What exasperates this even further is that this type of fast-moving threat is now found in both nation-state APT campaigns as well as commodity criminal/underground campaigns, making the sheer volume and diversity of the ‘speed” problem more profound than ever.

An Emotet-weaponized Word document is clicked, and in under three minutes, over 230 file events happen, 12 network connections to 9 malicious hosts are made, 46 new malicious processes spin up and 12 files are manipulated. And that is just on the patient zero host… before the same thing begins to play out host after host in the network, and before any secondary payloads or actions by a human attacker are commenced. This is a code on code battle being fought in the time domain of seconds and microseconds. And yet we see breach reports like 2019 IBM Cost of a Data Breach Report exclaim that the average time to identify a breach is 279 DAYS… a far cry from the 171 seconds (22s for Emotet and 149s for its payload) it takes Emotet to cause a severe impact. The same report offers hope, reminding us that hey, you can save $1.2M on average, if you simply contain the breach in under 200 days. Great…it will only cost you $2.7M at that point! 

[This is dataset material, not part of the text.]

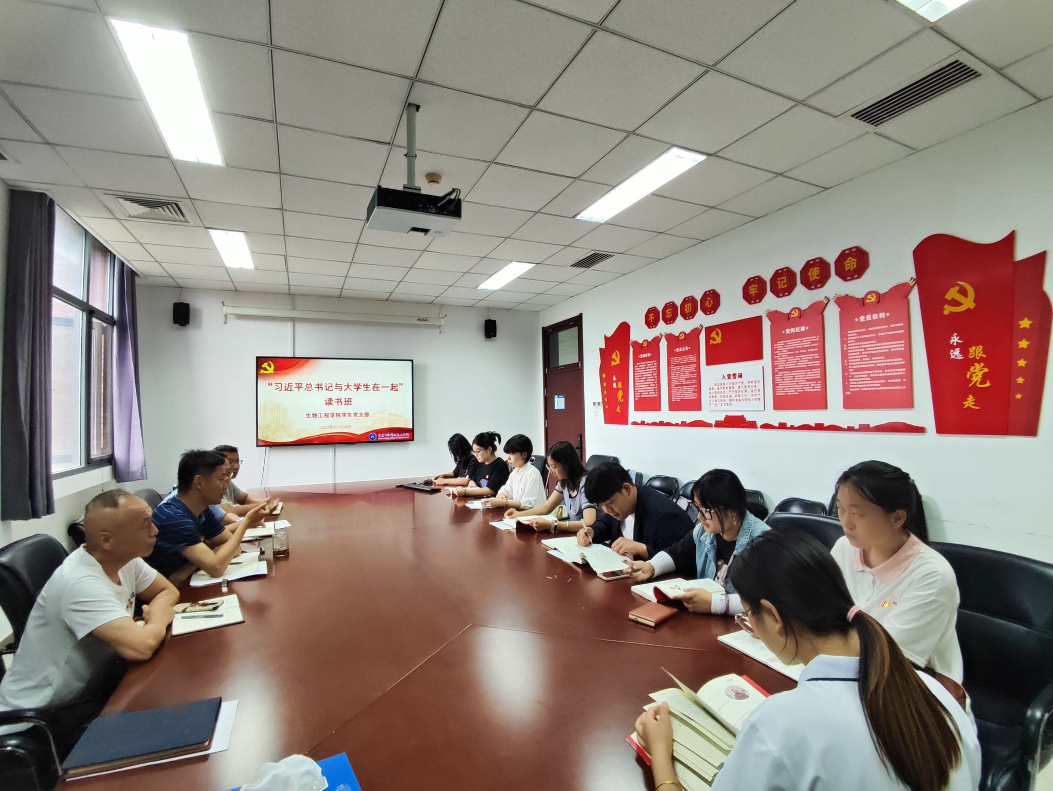 7月4日,生物工程学院学生党支部在生物楼426举行了习近平总书记与大学生在一起”读书班,深入学习贯彻习近平新时代中国特色社会主义思想,扎实推进“学习二十大 永远跟党走 奋进新征程”主题教育实践活动。生物工程学院党总支副书记刘青山,学生党支部书记寇明刚以及全体支部党员参加本次活动。

All of this is orthogonal to the core challenge at hand: We need to get ahead of threats whether we are talking about ransomware or worm incidents that cost us $75B/year, or we are talking about after-the-fact breaches that cost us another $16B/year, or both. 

Let’s Remember This

The age of the slow-moving breach story has come and gone. Now, we must shift our strategies towards the current and future threat landscape, and realize that every minute we spend tooling for the after-the-fact past, is a minute lost in getting ahead of the adversary in ways that actually move the needle. In our quest to become merely “resilient”, we’ve exhausted the traditional means of risk offset, hindsight due-diligence and after-the-fact busy-ness. We are all collectively at the ultimate precipice, and it is time to leap off, and do so out of sheer necessity…because we cannot look forward and prepare, if we are constantly steeped in the past.